> [ABOUT THIS TASK]: Copy every record below, exactly as written.

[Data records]

◆ ◆ ◆ ◆

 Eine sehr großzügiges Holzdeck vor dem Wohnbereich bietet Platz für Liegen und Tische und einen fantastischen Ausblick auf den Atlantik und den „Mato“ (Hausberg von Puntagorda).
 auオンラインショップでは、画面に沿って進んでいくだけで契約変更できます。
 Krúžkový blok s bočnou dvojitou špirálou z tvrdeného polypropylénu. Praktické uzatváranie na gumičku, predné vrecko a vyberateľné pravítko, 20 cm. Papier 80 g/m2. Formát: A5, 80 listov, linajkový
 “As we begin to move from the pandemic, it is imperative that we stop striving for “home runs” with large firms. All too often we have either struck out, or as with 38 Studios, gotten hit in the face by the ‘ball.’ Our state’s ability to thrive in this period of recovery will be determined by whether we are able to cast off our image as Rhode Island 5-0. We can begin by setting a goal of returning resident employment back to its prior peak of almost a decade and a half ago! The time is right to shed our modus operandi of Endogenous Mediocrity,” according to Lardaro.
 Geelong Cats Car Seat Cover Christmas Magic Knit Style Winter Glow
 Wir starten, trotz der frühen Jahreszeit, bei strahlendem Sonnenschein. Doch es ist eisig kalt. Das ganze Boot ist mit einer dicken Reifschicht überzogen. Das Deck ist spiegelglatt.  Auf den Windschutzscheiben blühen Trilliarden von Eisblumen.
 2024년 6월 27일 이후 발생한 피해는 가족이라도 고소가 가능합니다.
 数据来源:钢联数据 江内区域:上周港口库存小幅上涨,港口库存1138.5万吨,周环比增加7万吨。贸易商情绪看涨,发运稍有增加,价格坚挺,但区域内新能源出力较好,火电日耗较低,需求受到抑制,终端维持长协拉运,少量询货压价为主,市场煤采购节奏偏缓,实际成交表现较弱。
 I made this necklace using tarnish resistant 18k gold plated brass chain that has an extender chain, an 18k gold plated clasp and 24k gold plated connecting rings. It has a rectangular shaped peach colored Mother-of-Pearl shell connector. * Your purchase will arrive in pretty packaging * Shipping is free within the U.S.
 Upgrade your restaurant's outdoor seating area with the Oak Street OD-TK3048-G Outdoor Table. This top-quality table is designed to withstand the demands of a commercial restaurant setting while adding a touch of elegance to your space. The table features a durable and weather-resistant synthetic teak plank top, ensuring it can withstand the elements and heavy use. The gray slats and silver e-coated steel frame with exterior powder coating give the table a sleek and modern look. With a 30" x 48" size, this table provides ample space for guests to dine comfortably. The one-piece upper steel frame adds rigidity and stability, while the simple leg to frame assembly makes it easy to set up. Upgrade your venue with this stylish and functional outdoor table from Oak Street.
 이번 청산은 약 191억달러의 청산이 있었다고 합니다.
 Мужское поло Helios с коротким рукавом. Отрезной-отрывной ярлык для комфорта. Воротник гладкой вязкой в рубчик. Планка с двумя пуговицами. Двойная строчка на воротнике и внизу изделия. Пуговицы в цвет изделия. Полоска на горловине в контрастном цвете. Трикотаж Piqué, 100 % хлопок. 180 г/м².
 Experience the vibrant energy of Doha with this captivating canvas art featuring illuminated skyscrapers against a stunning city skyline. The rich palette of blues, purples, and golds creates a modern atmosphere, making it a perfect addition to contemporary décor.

◆ ◆ ◆ ◆

> [EXERCISE OUTPUT]:
 Eine sehr großzügiges Holzdeck vor dem Wohnbereich bietet Platz für Liegen und Tische und einen fantastischen Ausblick auf den Atlantik und den „Mato“ (Hausberg von Puntagorda).
 auオンラインショップでは、画面に沿って進んでいくだけで契約変更できます。
 Krúžkový blok s bočnou dvojitou špirálou z tvrdeného polypropylénu. Praktické uzatváranie na gumičku, predné vrecko a vyberateľné pravítko, 20 cm. Papier 80 g/m2. Formát: A5, 80 listov, linajkový
 “As we begin to move from the pandemic, it is imperative that we stop striving for “home runs” with large firms. All too often we have either struck out, or as with 38 Studios, gotten hit in the face by the ‘ball.’ Our state’s ability to thrive in this period of recovery will be determined by whether we are able to cast off our image as Rhode Island 5-0. We can begin by setting a goal of returning resident employment back to its prior peak of almost a decade and a half ago! The time is right to shed our modus operandi of Endogenous Mediocrity,” according to Lardaro.
 Geelong Cats Car Seat Cover Christmas Magic Knit Style Winter Glow
 Wir starten, trotz der frühen Jahreszeit, bei strahlendem Sonnenschein. Doch es ist eisig kalt. Das ganze Boot ist mit einer dicken Reifschicht überzogen. Das Deck ist spiegelglatt.  Auf den Windschutzscheiben blühen Trilliarden von Eisblumen.
 2024년 6월 27일 이후 발생한 피해는 가족이라도 고소가 가능합니다.
 数据来源:钢联数据 江内区域:上周港口库存小幅上涨,港口库存1138.5万吨,周环比增加7万吨。贸易商情绪看涨,发运稍有增加,价格坚挺,但区域内新能源出力较好,火电日耗较低,需求受到抑制,终端维持长协拉运,少量询货压价为主,市场煤采购节奏偏缓,实际成交表现较弱。
 I made this necklace using tarnish resistant 18k gold plated brass chain that has an extender chain, an 18k gold plated clasp and 24k gold plated connecting rings. It has a rectangular shaped peach colored Mother-of-Pearl shell connector. * Your purchase will arrive in pretty packaging * Shipping is free within the U.S.
 Upgrade your restaurant's outdoor seating area with the Oak Street OD-TK3048-G Outdoor Table. This top-quality table is designed to withstand the demands of a commercial restaurant setting while adding a touch of elegance to your space. The table features a durable and weather-resistant synthetic teak plank top, ensuring it can withstand the elements and heavy use. The gray slats and silver e-coated steel frame with exterior powder coating give the table a sleek and modern look. With a 30" x 48" size, this table provides ample space for guests to dine comfortably. The one-piece upper steel frame adds rigidity and stability, while the simple leg to frame assembly makes it easy to set up. Upgrade your venue with this stylish and functional outdoor table from Oak Street.
 이번 청산은 약 191억달러의 청산이 있었다고 합니다.
 Мужское поло Helios с коротким рукавом. Отрезной-отрывной ярлык для комфорта. Воротник гладкой вязкой в рубчик. Планка с двумя пуговицами. Двойная строчка на воротнике и внизу изделия. Пуговицы в цвет изделия. Полоска на горловине в контрастном цвете. Трикотаж Piqué, 100 % хлопок. 180 г/м².
 Experience the vibrant energy of Doha with this captivating canvas art featuring illuminated skyscrapers against a stunning city skyline. The rich palette of blues, purples, and golds creates a modern atmosphere, making it a perfect addition to contemporary décor.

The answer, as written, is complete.